Everybody who drives has been there before: Stuck in the fast lane going slow because Captain Speed Limit and his pals simply refuse to get out of the way.
And while you're not supposed to go above the speed limit, it's also not your job to enforce it for everybody else trying to get by.
That's the job of your friendly state trooper. And if House Bill 459 passes, he won't just be looking for speeders. He'll be looking for slow-pokes passing time in the passing lane.
"It's aggravating," said Jeff Hilaire. "I don't have the patience for it. I'm very impatient when it comes to driving. I wish I didn't have to drive I wish I could fly."
At least Hilaire can fly past the slow traffic in his new Camaro. That is, until he runs up on those inconsiderate motorists who don't move out of the way.
"It's just one of the things I just learn to deal with," he said with a grumble.
Those sentiments are why the new bill has a lot of support both under the Gold Dome and on the highway, where aggravation can rev higher as your RPMs rev lower.
"When I go around them, (the slower drivers) are usually on a cell phone," said motorist Gerald Grady. "So I think when they're on a cell phone, they lose consciousness of what they're doing and fail to realize that people behind them are trying to get somewhere."

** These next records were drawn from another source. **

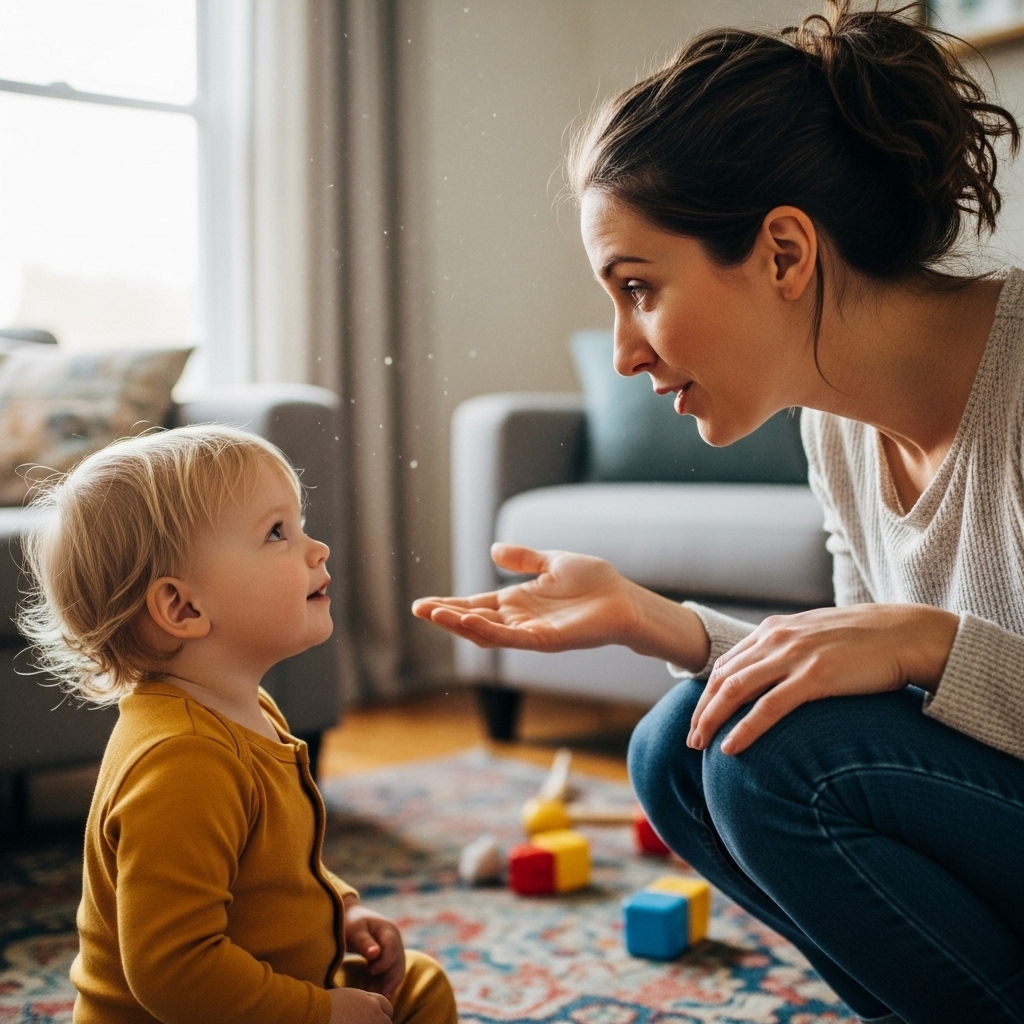Toddlers process language slowly. Long explanations confuse them and often increase frustration. Use simple phrases like “Shoes on,” “Hands gentle,” or “Food stays on the table.” Clear, calm language helps toddlers understand expectations without feeling overwhelmed.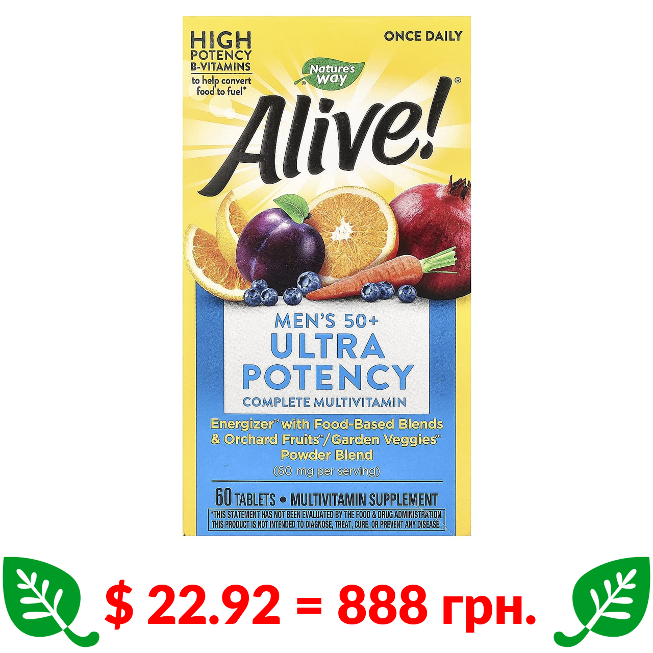 $ 22.92 = 888 грн. Натурес Вэй, Alive! комплекс суперэффективных мультивитаминов для мужчин 50+, 60 таблеток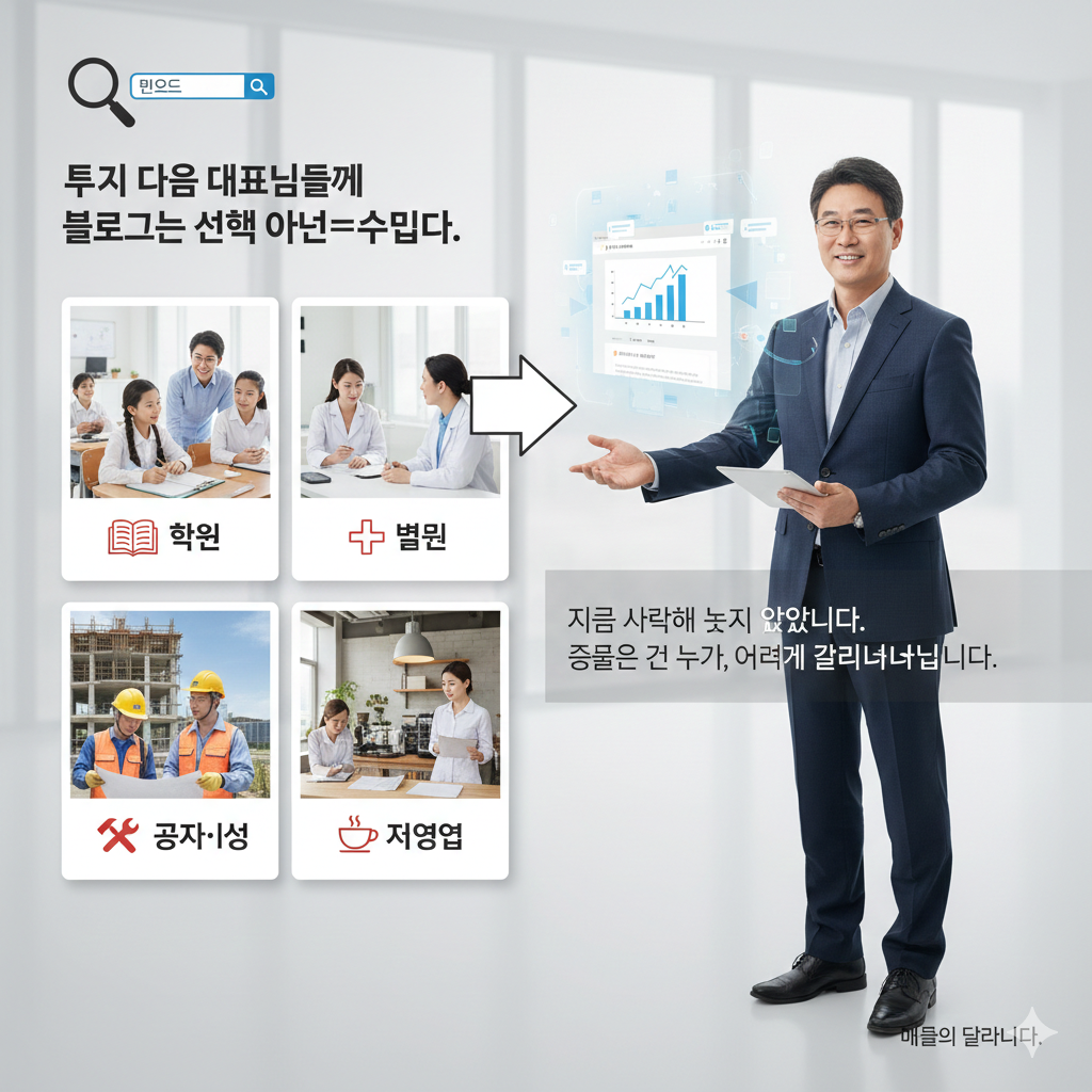 특히 학원, 병원, 공사·시공, 자영업, 중소기업 대표님들께 블로그는 선택이 아닌 필수입니다.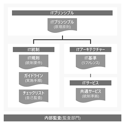 社内ITのリスク低減を目的として、情報セキュリティ、ITコンプライアンス、事業継続性を確保するためにIT規則・基準として、BU※1/グループ会社向けの「IT統制」の要件や「ITアーキテクチャー」を制定しています。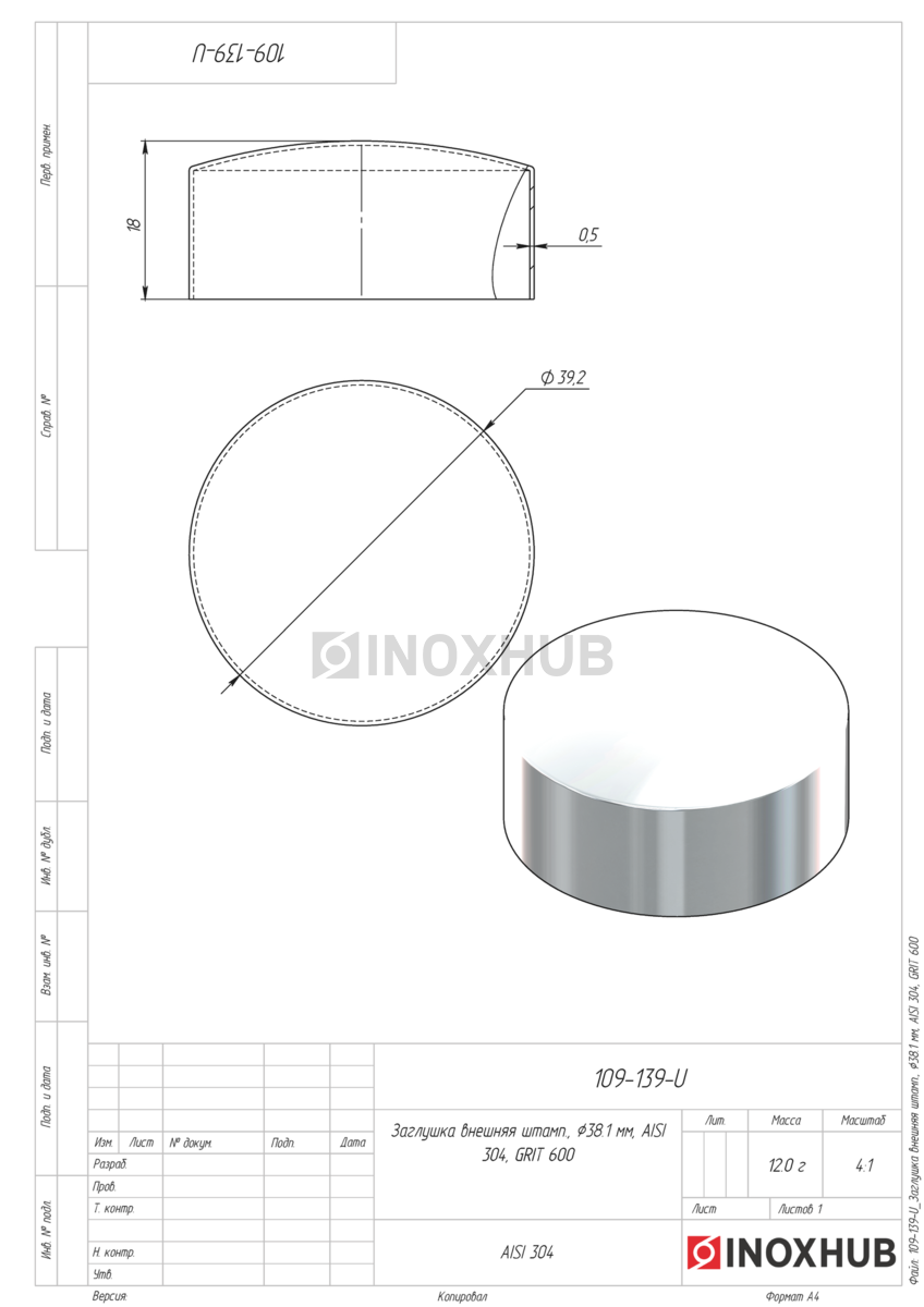 Заглушка внешняя штамп., Ø38.1 мм, AISI 304, GRIT 600 в продаже. Оперативная доставка со склада в Москве. Все товары соответствуют стандартам качества.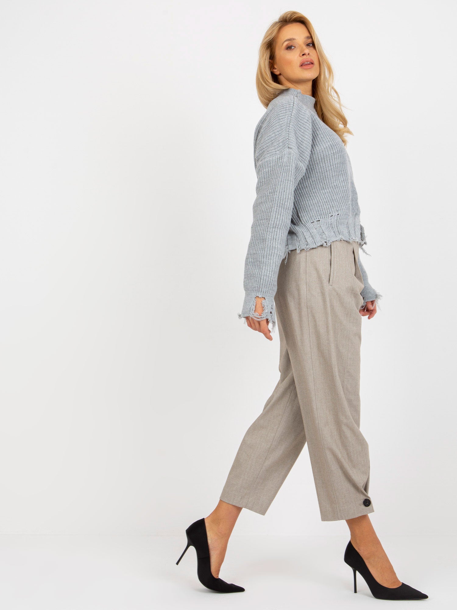 Szary luźny sweter asymetryczny z dziurami RUE PARIS .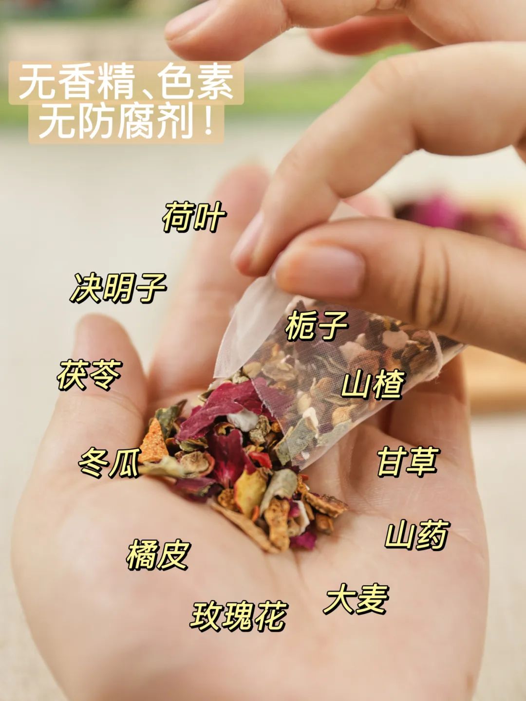 搭配大麦、决明子、冬瓜、橘皮、甘草、重瓣红玫瑰、茯苓、山楂、栀子、山药草本原材!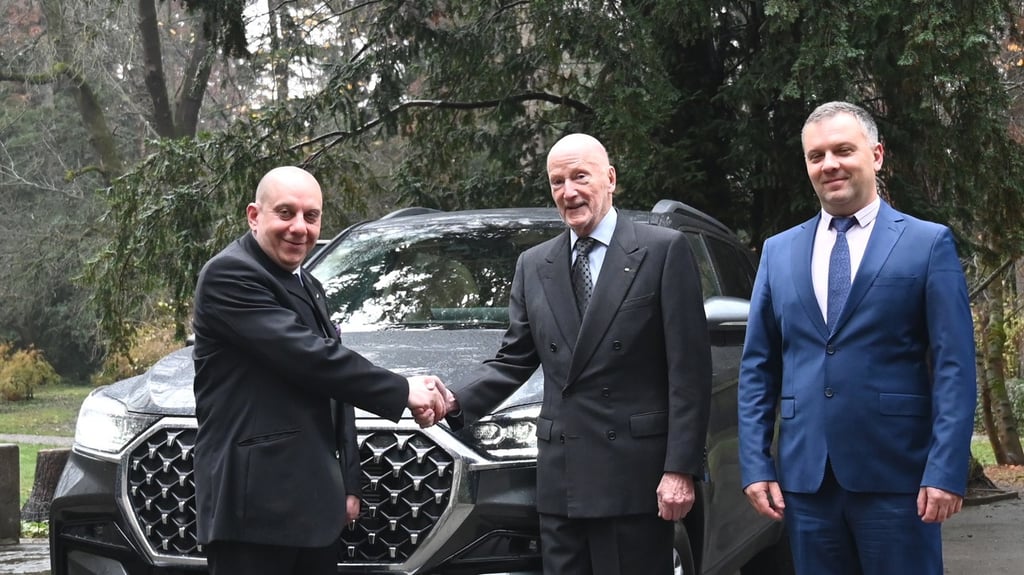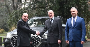 Ключовете на луксозния корейски SUV бяха връчени тържествено от Президента на Ratola – д-р Васил Баров, а ситният дъжд над двореца Врана, съпровождащ момента, се превърна в естествен водосвет – тиха небесна благословия за новия автомобил и пътя пред него. Негово Величество прие своя Rexton с внимание към всеки детайл и видимо удовлетворение от избора си.
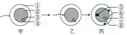 5.B 【解析】甲过程中获能后的精子与卵子相遇时,精子会释放多种酶,溶解卵细胞膜外的一些结构,A正确;图甲中①表示透明带,精子的细胞膜与卵细胞膜融合,卵细胞膜外的透明带会迅速发生生理反应,阻止后来的精子进入透明带,B错误;②是卵细胞膜,精子入卵后,卵细胞膜会发生反应,拒绝其他精子进入卵内,C正确;⑤是雄原核,⑦是雌原核,雌、雄原核充分发育后,相向移动,彼此靠近,核膜消失,D正确。

One of the goals of the new bill is to relieve the road rage that passive aggressive drivers can leave in their wake.
"I don't believe they should be doing the minimum forty," said Lonnie Jones. "They should at least be going whatever the posted speed limit is. But if not, it don't bother me. I just go around them."
The law already says you're supposed to get out of the way for faster traffic. But supporters of HB 459 say a 75-dollar ticket will be a good reminder of that.